When Steve Grangetto and Chris Taylor founded 5th Axis Inc., they were already familiar with the complexities inherent to the technology that inspired the name of their new machine shop. Lacking a five-axis learning curve enabled the co-CEOs to turn their attention to automation relatively early in the company’s history, and before long, they had installed the first of three Mikron HSM 400U five-axis machines from GF AgieCharmilles (Lincolnshire, Illinois) with integrated pallet systems. However, addressing an unexpected snag with finding suitable fixturing for the new system required designing a new line of custom dovetail workholding devices—products that proved successful enough in-house to introduce to the wider market. Today, the very machining systems that drove the shop to develop those fixtures play an important role in producing them cost-effectively.
Mr. Taylor and Mr. Grangetto are both mechanical engineers with backgrounds in machining, engineering and automation. With a common goal of standardizing on five-axis technology to improve machining efficiency, they purchased their first basic-model machine in 2005. The gambit paid off: Within a year, 5th Axis had attracted enough business to move into its current 20,000-square-foot facility in San Diego, California.
Automation has been a key factor in the shop’s growth, the co-CEOs say, and the Mikron machines include all the necessities for lights-out operations. In addition to being designed for high speed and precision, the machines shipped with features such as probes, laser tool measurement, tool-breakage detection and more already included. This enabled the shop to avoid the headaches associated with integrating separate, aftermarket systems. However, finding the right fixtures for the accompanying pallet systems proved more difficult than they had anticipated. “We had all of these pallets and no way to hold our parts,” Mr. Taylor recalls.
At first, vises seemed like the most viable option. However, the cost of purchasing enough vises to fill the pallet pool was prohibitive, he says. In addition, few available models offered both sufficient clamping power and a design that would not create tool-clearance issues, which can be especially problematic for five-axis operations. The shop decided to develop its own custom fixtures, and research eventually led to the conclusion that a dovetail design would best meet requirements.

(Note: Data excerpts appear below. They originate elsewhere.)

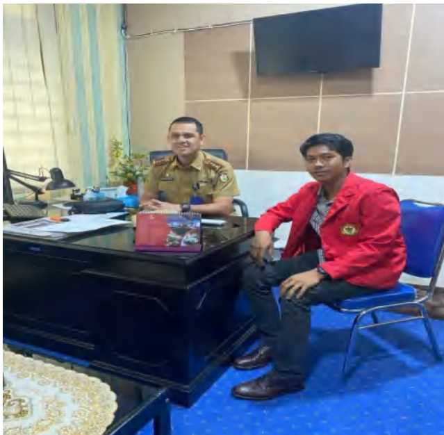
Wawancara Bersama Sekretaris Camat Manggala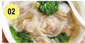
02 Soupe ravioli aux scampi Ravioli soup with prawns 6.50€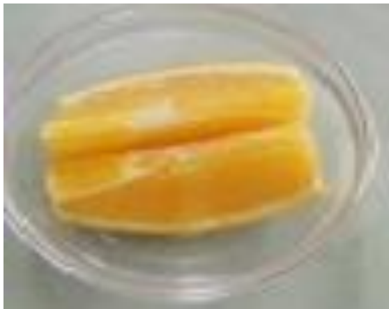
くだもの (ねーぶる)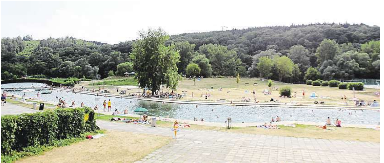
Riviéra je jedno z nejstarších přírodních koupališť v republice, jeho historie sahá až do 19. století.

Starez také musí ještě s městem vyřešit, jak zajistit financování stavby a zda se bude pracovat po etapách, nebo se udělá všechno přísti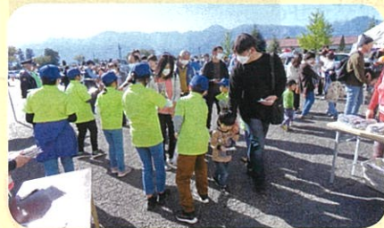
警察署主催のふれあいコンサート会場において少年部員による啓発活動を実施した。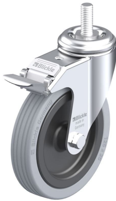
Blocage standard associé LKRA-VPA 125G-FI-GS12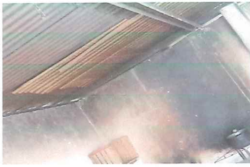
TECHO A MEJORAR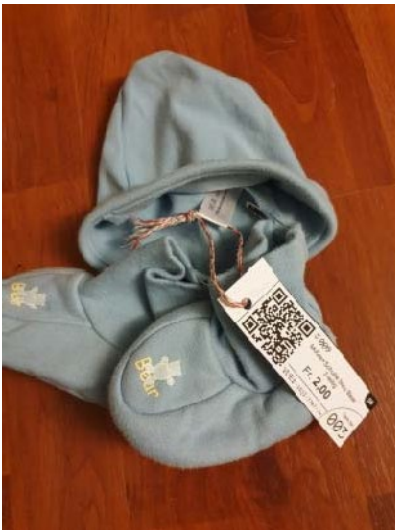
Ensemble 3-teilig, mit Schnur befestigt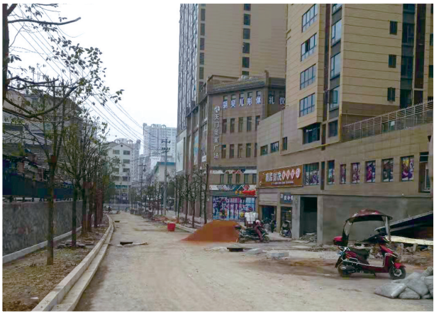
▲城墙路一期（航院段）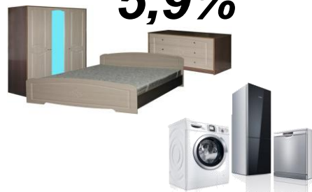
предметы домашнего обихода, бытовая техника и уход за домом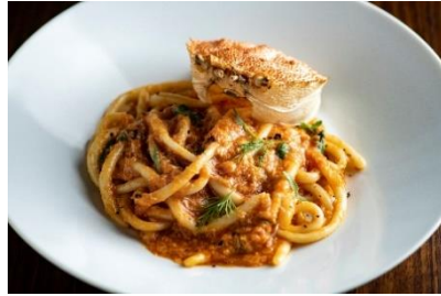
【フラテリパラディソ】本館 3F 毛蟹とシシリアンルージュのトマトソース 自家製手打ちパスタ「ピチ」 (3,500 円/税込)

蒸して旨味を閉じ込めた毛蟹を丁寧にほぐし、加熱で甘みが増すシシリアンルージュと共に贅沢にソースに。一本一本手で延ばして作る、コシのある力強い食感のピチと合わせ、フレッシュな数種類のハーブをアクセントに仕上げています。※1 日限定 5 食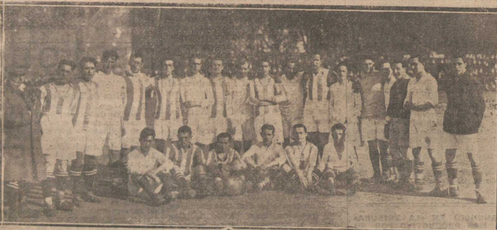
LOS DEPORTES EN SAN SEBASTIAN.—EQUIPOS DE LA REAL SOCIEDAD Y RACING DE SANTANDER, QUE HAN JUGADO SENSACIONALES PARTIDOS DE FOOT-BALL QUEDANDO VENCEDOR EL PRIMERO. (FOTOGRAFIA CARTE)

—Incluyendo en el número 8 en el plan de carreteras del grupo occiden-

Known as one of the strongest structural joints in terms of tensile strength, dovetails are especially useful for the high speed, multi-axis machining that is common at 5th Axis, the company’s co-CEOs say. Their particular design is machined from hardened alloy steel and grips parts via corresponding 45-degree angles machined into the workpiece stock and the fixtures themselves. This configuration provides five-axis machine spindles with access to all five faces of the workpiece to eliminate the need for additional setups.
Today, the shop uses these fixtures for approximately 90 percent of its work. Having been developed for 5th Axis’ own needs before being introduced to the market, the fixtures’ design reflects the shop’s familiarity with concerns that make many manufacturers hesitant to use dovetail workholding. For example, the fact that the fixtures can clamp onto as little as 0.06 inch of material reduces the time and expense associated with prepping the workpiece stock for gripping, Mr. Grangetto says. Likewise, the ability to use smaller stock than what a traditional vise could accommodate can reduce material costs, especially when working with expensive materials such as titanium, molybdenum, tungsten and high-temperature alloys.
Another common complaint is that dovetail end mills are expensive and require frequent replacement when cutting hard materials. For that reason, the shop created a custom dovetail cutter. Made from H13 tool steel and featuring a 1-inch-diameter shank that fits set-screw, collet or shrink-fit holders, the tool uses V-type inserts that can be replaced as-needed. “Now, we simply replace inserts and not $200 end mills,” Mr. Grangetto says.
The co-CEOs add that increasing part density was a major driver in the fixtures’ development. Their modular design and small footprint enable users to mount large numbers of parts, whether on a three- or five-axis machine or a horizontal tombstone. “We can easily fit 20 or more parts onto each face of a tombstone or small three-axis table,” Mr. Grangetto says. “The fixtures allow us to run lights-out without worrying about throwing a part.”
In fact, one important lights-out application of the fixtures at 5th Axis is the creation of other fixtures. “We actually make dovetail fixtures using our dovetail fixtures,” Mr. Gangretto says. Fittingly, most are mounted on pallets for machining on the Mikron HSM 400U machines. Smaller models, such as 0.5- by 0.5-inch micro-dovetail fixtures, require operations on the shop’s GF Agiecharmilles Cut 20 wire EDM. The dovetail fixturing system has also been fully integrated with that machine, and with repeatability of 0.001 inch, the fixtures’ precision locating pins enable the shop to move parts seamlessly between the EDM and the machining centers.
Mr. Gangretto adds that although the production process for the dovetail fixtures showcases their design advantages, pairing them with the right equipment is just as important. The Mikron machines, he explains, cut the fixtures from heat-treated, 42-HRc steel more accurately and twice as fast as previously used models. As a result, the shop has decreased scrap and shortened delivery times—benefits that apply to its own operations as well as those of its customers.